Bowie Symphonic: Blackstar in Concert (L’Auditori) Barcelona

«Cuando murió hace ya más de un año, me di cuenta no sólo de lo triste que estaba yo, sino de lo apenado que se sentía todo el mundo, en especial los músicos«, le dijo el compositor de Chicago Evan Zyporin al público de L’Auditori el pasado jueves, como si de veras le costara creer que la pérdida de David Bowie hubiese conmocionado a su gremio (y a todos los demás) hasta tal punto. Así que Bowie Symphonic: Blackstar in Concert, la revisión orquestada de principio a fin del casi póstumo Blackstar del Duque Blanco, se presentó, según él, en Barcelona y por primera vez en Europa (de la mano del Victoria and Albert Museum de Londres, que organiza la exposición David Bowie Is que acampa desde mayo en la ciudad condal) con la mera y humilde intención de «pasar más tiempo con Bowie» y aliviar la tristeza planetaria que había producido su muerte.

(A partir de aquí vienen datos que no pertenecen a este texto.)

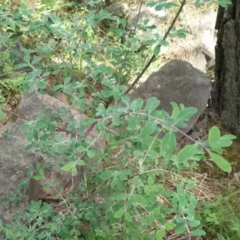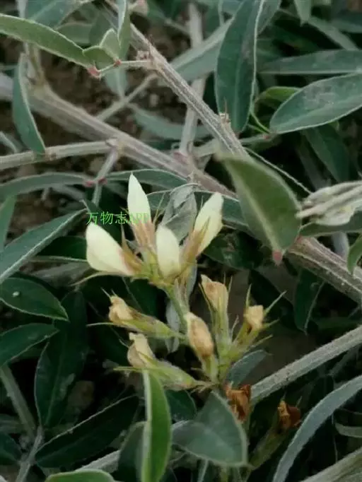 小灌木,高达1米。茎通常稍斜升,单一或数个簇生;老枝黄褐色或赤褐色,被短柔毛或无毛,幼枝绿褐色,有细棱,被白色短柔毛。羽状复叶具3小叶;托叶线形,长2-4毫米;叶柄长1-2厘米;小叶长圆形或狭长圆形,长2-5厘米,宽5-16毫米,先端圆形或微凹,有小刺尖,基部圆形,上面无毛,下面被贴伏的短柔毛;顶生小叶较大。总状花序腋生。较叶短或与叶等长;总花梗密生短柔毛;小苞片披针状线形,有毛;花萼5深裂,外面被白毛,萼裂片披针形,先端长渐尖,成刺芒状,与花冠近等长;花冠白色或黄白色,旗瓣长圆形,长约1厘米,中央稍带紫色,具瓣柄,翼瓣长圆形,先端钝,较短,龙骨瓣比翼瓣长,先端圆形;闭锁花生于叶腋,结实。荚果小,倒卵形或长倒卵形,长3-4毫米,宽2-3毫米,先端有刺尖,基部稍狭,两面凸起,有毛,包于宿存花萼内。花期7-8月,果期9-10月。 [1-2]
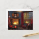 A cosy reading corner on a rainy autumn day. Around the hearth with a blazing fire are cushy red armchairs, with stacks of books and teacakes and a teapot to complete the comfort. Outside a yellow willow and red maple and beech hedge are obscured by the blowing rain, which sprinkles the window where a ginger cat sits looking out.

Con una Orquestra Simfònica de Barcelona i Nacional de Catalunya compuesta por unos 65 músicos y capitaneada por nada más y nada menos que una a la que llaman «la diosa del violonchelo», la americana-israelí Maya Beiser, David Bowie podía darse con un canto en los dientes desde el cielo o el infierno, donde quiera que fuera a parar, de lo excelentemente acompañado que estaba.

El timbre de voz de David, pensó Zyporin en su día, se parece bastante al de un chelo, y justo dentro del que tocaba Beiser se metió nuestro Ziggy Stardust, apuntalado por unas vertiginosas botas con plataforma que hubieran hecho bostezar al rey del glam y respaldado por unos Spiders from Mars más serios que de costumbre y multiplicados por veinte.

Todo empezó en «Space Oddity» y acabó con el auditorio al completo de pie ovacionando el «I Can’t Give Everything Away», palpitante tema que cierra Blackstar, un álbum, a juicio de su nuevo arreglista, que ya sonaba mucho a orquesta antes de que lo convirtiera en una sinfonía al uso. A la manera de un gran espectáculo de rock con sección de cuerda y viento, Zyporin y Beiser fueron varias veces rearrastrados de vuelta al centro del escenario por la devoción de unos cientos de extasiados ocupantes de las butacas de L’Auditori. Se regalaron primero con un bis del «Wish You Were Here» de Pink Floyd para expresar cuánto deseaban la presencia corpórea allí de Bowie, y más tarde con una repetición del «Tis a Pity She Was a Whore» y un incendiario «Let’s Dance» que suscitó más de un gemido de pura satisfacción; semejante reacción parecía tener más cabida en un garito que entre las respetables paredes de madera de un gran salón como aquel.

Aunque fue de infinito agradecimiento, no hacía falta el esfuerzo de convertir a David Bowie en placentera música clásica para prolongar la perduración de su memoria; Bowie está muy lejos de ser un simple recuerdo. Está aquí y va a pasar con nosotros no sólo un tiempo, sino toda la eternidad.